**Your assignment:**
For the listing below, the answer is an exact retyping of the lines from the one with "In the living" through the one with "12. ročník kolektívnej", both included, without pictures.

**Data extracts:**
————
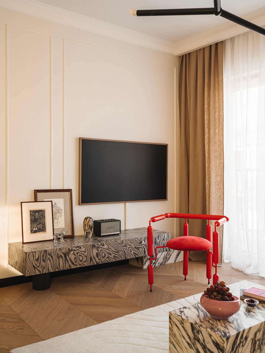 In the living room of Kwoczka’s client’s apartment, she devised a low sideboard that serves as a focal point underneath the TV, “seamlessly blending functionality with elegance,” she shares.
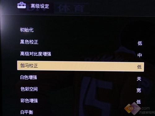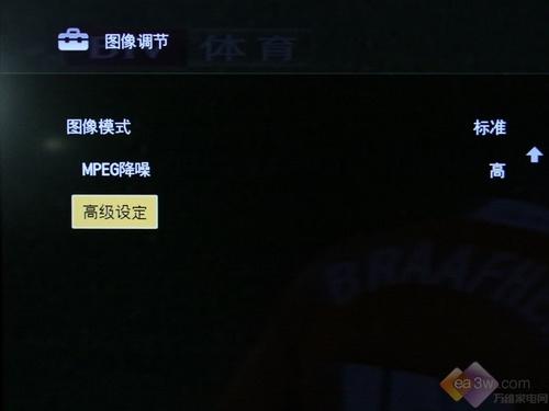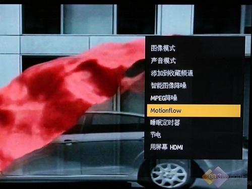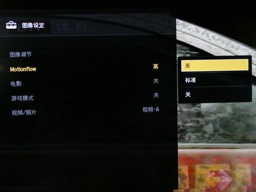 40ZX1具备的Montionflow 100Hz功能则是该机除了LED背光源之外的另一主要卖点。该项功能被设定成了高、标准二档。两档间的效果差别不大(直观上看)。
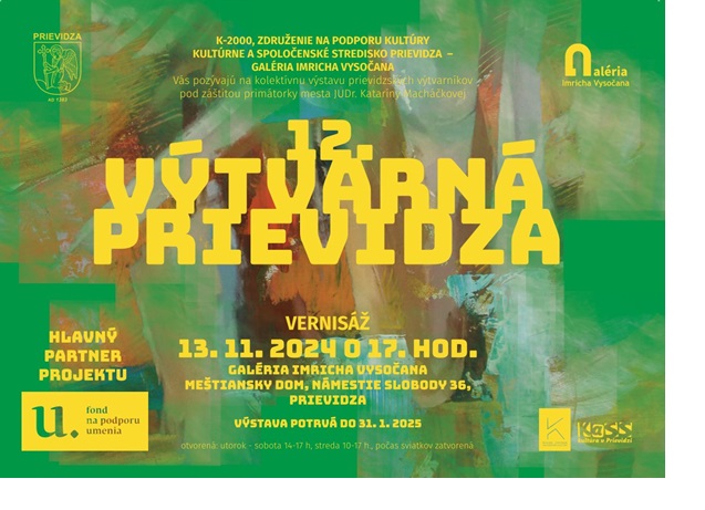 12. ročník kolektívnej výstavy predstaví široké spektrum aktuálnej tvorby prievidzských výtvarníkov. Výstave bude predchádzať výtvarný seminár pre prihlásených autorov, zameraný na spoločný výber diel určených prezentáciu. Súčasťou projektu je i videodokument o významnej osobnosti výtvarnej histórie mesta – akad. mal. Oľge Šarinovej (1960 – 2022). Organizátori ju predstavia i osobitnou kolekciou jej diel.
————
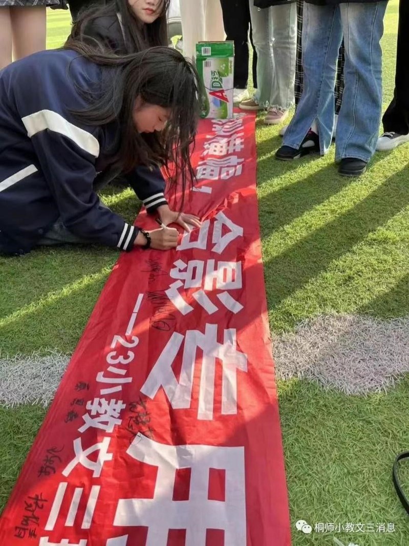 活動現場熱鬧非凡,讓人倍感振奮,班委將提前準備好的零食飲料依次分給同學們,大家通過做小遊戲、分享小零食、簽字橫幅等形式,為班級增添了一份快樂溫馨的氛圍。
————
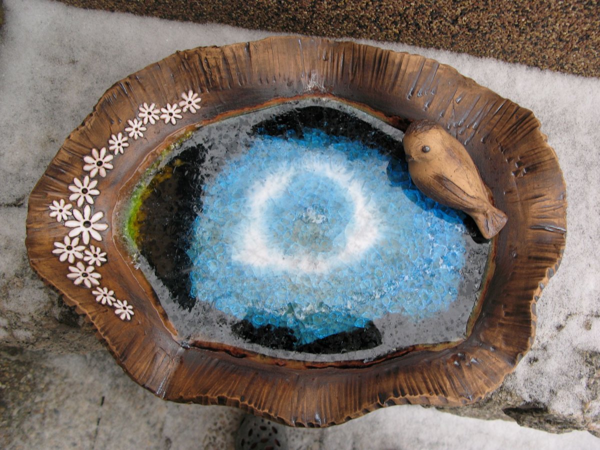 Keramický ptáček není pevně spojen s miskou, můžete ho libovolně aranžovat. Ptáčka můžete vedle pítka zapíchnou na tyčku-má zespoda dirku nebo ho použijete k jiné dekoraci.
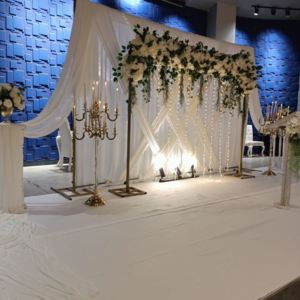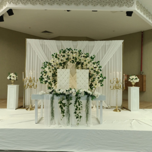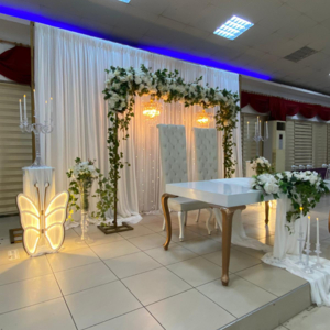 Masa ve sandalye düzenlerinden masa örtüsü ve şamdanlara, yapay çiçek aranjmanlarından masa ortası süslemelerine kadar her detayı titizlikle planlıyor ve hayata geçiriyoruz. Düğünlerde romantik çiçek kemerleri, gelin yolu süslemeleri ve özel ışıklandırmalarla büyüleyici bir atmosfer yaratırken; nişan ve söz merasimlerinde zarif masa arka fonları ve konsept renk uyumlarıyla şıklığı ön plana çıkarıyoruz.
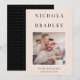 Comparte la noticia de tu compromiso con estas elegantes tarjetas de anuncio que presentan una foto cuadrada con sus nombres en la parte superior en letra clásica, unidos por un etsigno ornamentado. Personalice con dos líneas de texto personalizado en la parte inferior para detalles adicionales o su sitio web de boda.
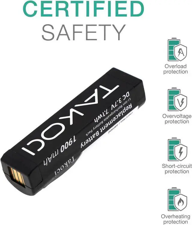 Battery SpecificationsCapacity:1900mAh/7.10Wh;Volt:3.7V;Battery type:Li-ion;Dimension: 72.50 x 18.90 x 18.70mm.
————
**Reply:**
 In the living room of Kwoczka’s client’s apartment, she devised a low sideboard that serves as a focal point underneath the TV, “seamlessly blending functionality with elegance,” she shares.
 40ZX1具备的Montionflow 100Hz功能则是该机除了LED背光源之外的另一主要卖点。该项功能被设定成了高、标准二档。两档间的效果差别不大(直观上看)。
 12. ročník kolektívnej výstavy predstaví široké spektrum aktuálnej tvorby prievidzských výtvarníkov. Výstave bude predchádzať výtvarný seminár pre prihlásených autorov, zameraný na spoločný výber diel určených prezentáciu. Súčasťou projektu je i videodokument o významnej osobnosti výtvarnej histórie mesta – akad. mal. Oľge Šarinovej (1960 – 2022). Organizátori ju predstavia i osobitnou kolekciou jej diel.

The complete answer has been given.